What Is a Bond Covenant?

Updated July 9, 2026 5 min read

A bond isn’t just a promise to pay interest and return principal. Buried in its documentation are usually a set of rules the issuer agrees to follow, meant to protect the people who bought the bond.

The short answer

A bond covenant is a legally binding promise or restriction included in a bond’s terms, designed to protect bondholders by limiting what the issuer can do or requiring certain actions while the bond is outstanding. Covenants generally fall into two categories: affirmative covenants, which require the issuer to do something, and negative covenants, which restrict the issuer from doing something. Strong covenants tend to lower a bond’s risk, while weak or absent covenants tend to raise it.

Affirmative covenants: things the issuer must do

Affirmative covenants typically require the issuer to take specific ongoing actions, such as maintaining certain financial ratios, providing regular financial reports, or keeping insurance on pledged assets. These requirements give bondholders visibility into the issuer’s financial health and an early warning if something starts to deteriorate.

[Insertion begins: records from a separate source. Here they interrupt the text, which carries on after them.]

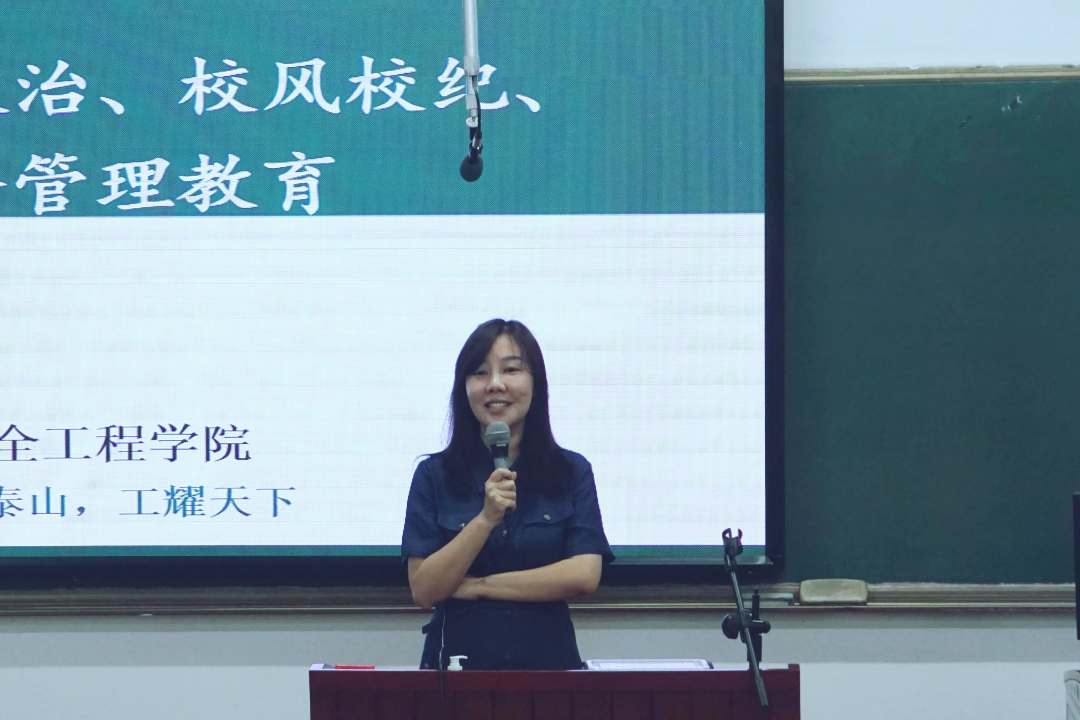 学院安全工程系副主任许素睿、应急技术管理系副主任王起全、职业卫生系主任徐桂芹通过讲解各专业培养方案,帮助新生读懂专业价值,打破潜在认知,更好吃透所学专业、课程体系、专业前沿及就业去向等,培养学生的学业志趣,激发同学们学安工、爱安工、事安工的热情。
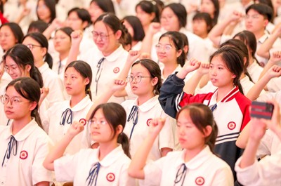 2025年5月13日,四川省華鎣中學(xué)的學(xué)生在“法佑青春,揚(yáng)帆未來”主題宣傳活動(dòng)中參加守法宣言。
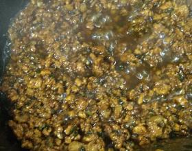 炒至姜蒜粒金黄倒入肉丁添加料酒 花椒油 不放盐生抽(多一点) 老抽 少许糖 喜欢吃辣的可以放红辣椒粉 肉丁缩小出油倒香菇下锅 翻炒 水炒干有油色 小火慢炒即可
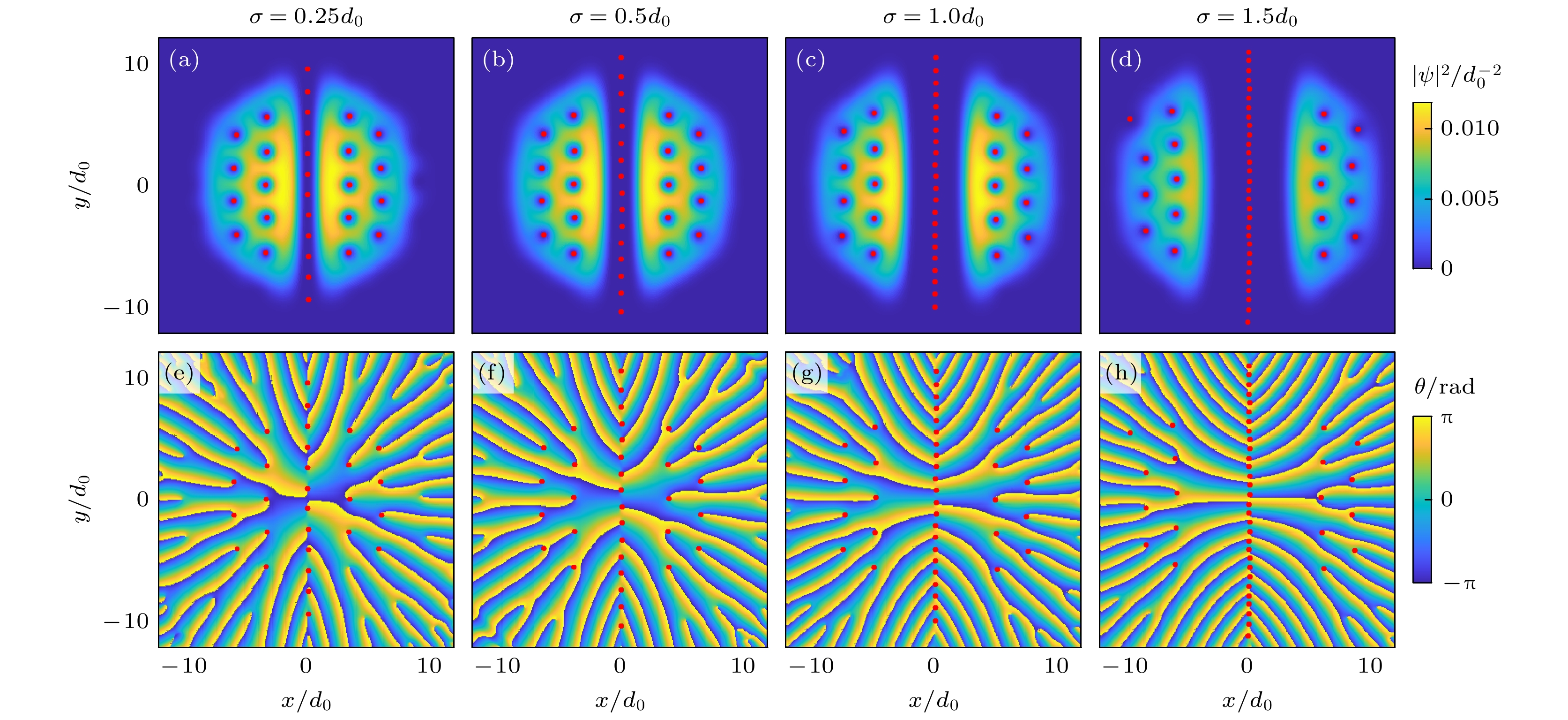 Figure 2. Density distribution $ {\left| \psi \right|^{2}} $ (the first row) and phase distribution of $ \psi $ (the second row) for different widths $ \sigma $ at $ t = 250\omega _x^{ - 1} $ after rotating the double-well potential with $ \varOmega = 0.9{\omega _x} $.
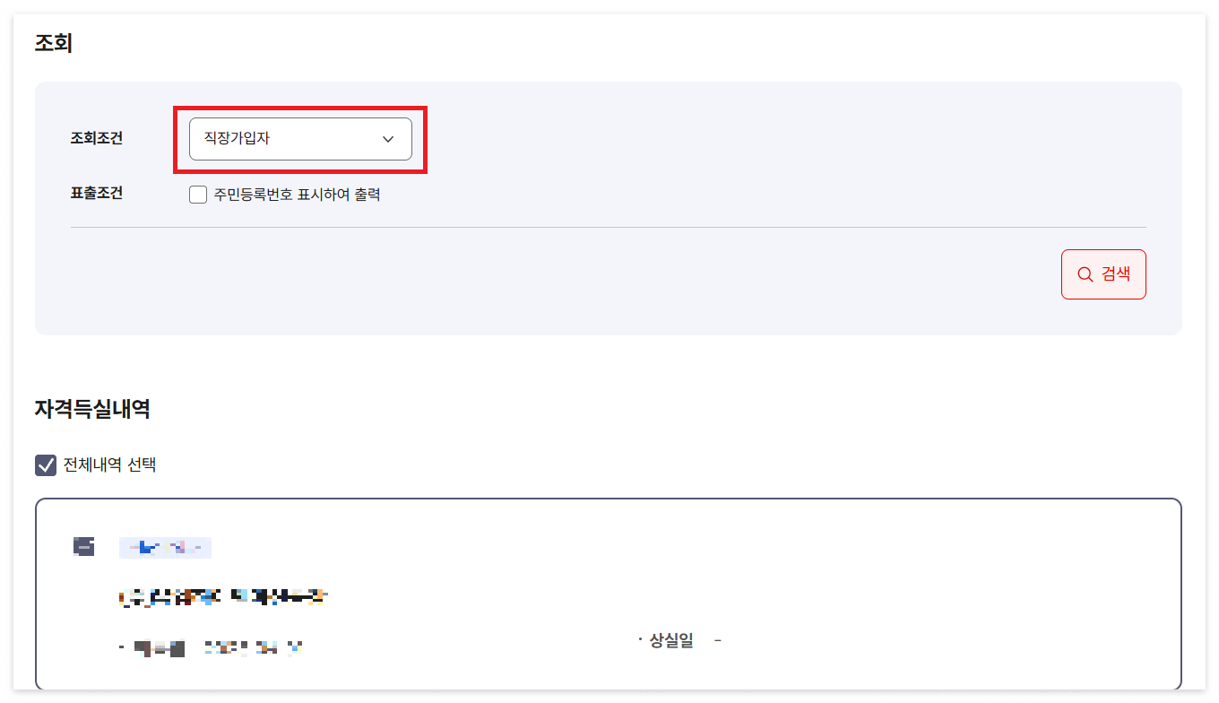 - 조회 구분: 직장인이라면 **'직장가입자'**를 선택하세요. (이전에 지역가입자였던 이력까지 모두 필요하다면 '전체'를 선택해도 무방합니다.)

They function a bit like the reporting requirements behind a bond’s prospectus, except they continue for the life of the bond rather than existing only at issuance.

Negative covenants: things the issuer can’t do

Negative covenants restrict actions that could weaken the issuer’s ability to repay the bond, such as taking on excessive additional debt, selling off key assets, or paying out large dividends that would drain cash available to bondholders. These restrictions exist because, without them, an issuer could take actions after issuance that increase risk for existing bondholders without their consent. A bond with tighter negative covenants generally offers bondholders more protection, all else being equal.

How covenant strength affects credit risk

Two bonds from the same issuer, or from issuers with similar financial profiles, can carry different risk purely based on how strong their covenants are. A bond with weak covenants gives the issuer more flexibility, which can be good for the issuer but leaves bondholders with less protection if the issuer’s situation worsens. This is one reason a subordinated bond and a senior bond from the same company might have very different covenant packages layered on top of their seniority difference — both factors combine to shape overall risk.

Where to actually find this information

Covenant details are typically spelled out in a bond’s indenture, the formal legal contract governing the bond, rather than in marketing materials or a simple summary. For individual investors, reading a full indenture isn’t always practical, but understanding that covenants exist — and that they vary meaningfully between bonds — is useful context when comparing yields, the same way it helps to understand a bond’s yield to maturity before assuming a higher number means a better deal. A higher yield on a bond with weak covenants isn’t necessarily a bargain; it may simply reflect the reduced protection built into the terms.

What to weigh

Bond covenants are the mechanism by which lenders try to keep some control over what an issuer does after the money has already been borrowed. Affirmative covenants ask for transparency and maintenance of certain standards, while negative covenants limit risky behavior. Neither type guarantees repayment, since covenants are contractual promises rather than collateral, but together they shape how much protection a bondholder actually has beyond the issuer’s general word.